HKS Authors

See citation below for complete author information.

Daniel Paul Professor of the Practice of Government and Technology, HKS and FAS

Abstract

The vast majority of social science research uses small (megabyte- or gigabyte-scale) datasets. These fixed- scale datasets are commonly downloaded to the researcher's computer where the analysis is performed. The data can be shared, archived, and cited with well-established technologies, such as the Dataverse Project, to support the published results. The trend toward big data-including large-scale streaming data-is starting to transform research and has the potential to impact policymaking as well as our understanding of the social, economic, and political problems that affect human societies. However, big data research poses new challenges to the execution of the analysis, archiving and reuse of the data, and reproduction of the results.
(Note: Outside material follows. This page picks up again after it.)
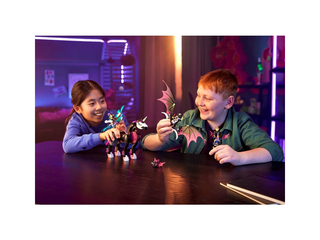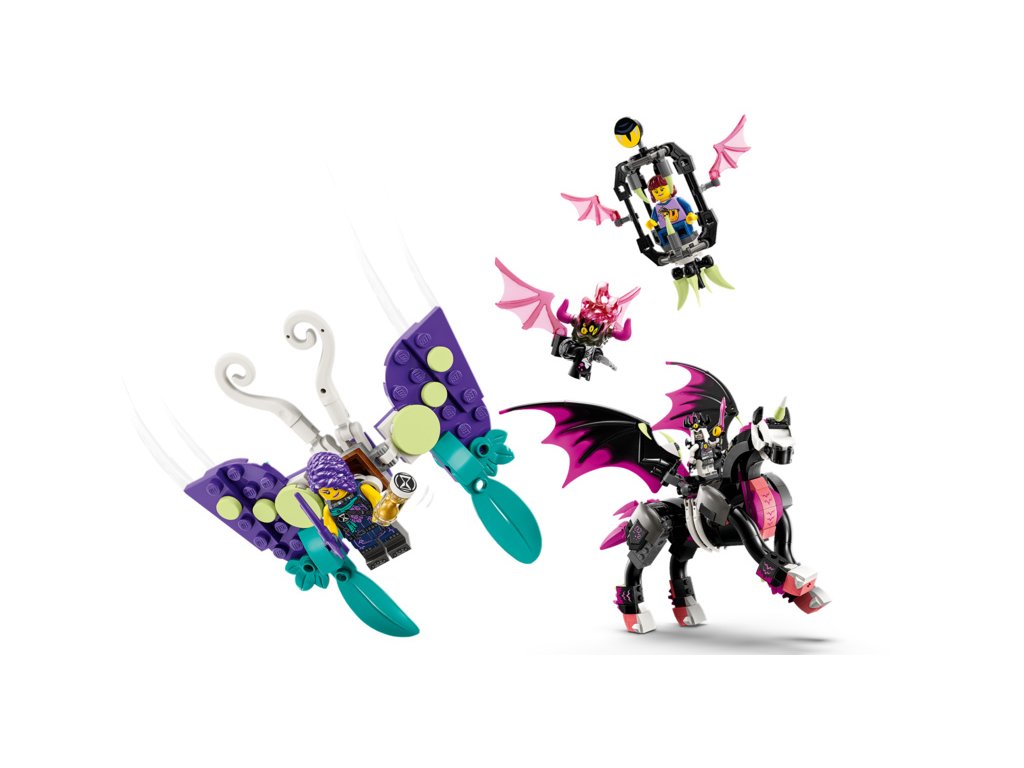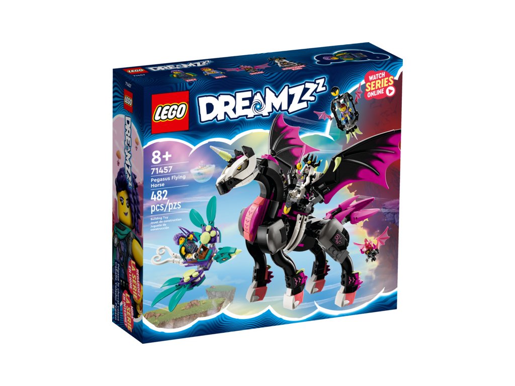 Tato stavebnice LEGO® DREAMZzz™ (71457) Létající kůň pegas vtáhne děti od 8 let přímo do akce ve Světě snů. Podobně jako v televizním seriálu se tu odehrává příběh Zoey a její záchranné mise za kamarádkou Novou, kterou unesla noční můra Susan na létajícím koni pegasovi. Návod na stavění vedený příběhem vtáhne děti do akce a podnítí jejich představivost při rozhodování o tom, co Zoey podnikne.

Downloading these datasets to a researcher's computer is impractical, leading to analyses taking place in the cloud, and requiring unusual expertise, collaboration, and tool development. The increased amount of information in these large datasets is an advantage, but at the same time it poses an increased risk of revealing personally identifiable sensitive information. In this article, we discuss solutions to these new challenges so that the social sciences can realize the potential of big data.

Citation

Crosas, Mercè, Gary King, James Honaker, and Latanya Sweeney. "Automating Open Science for Big Data." The ANNALS of the American Academy of Political and Social Science 659 (May 2015).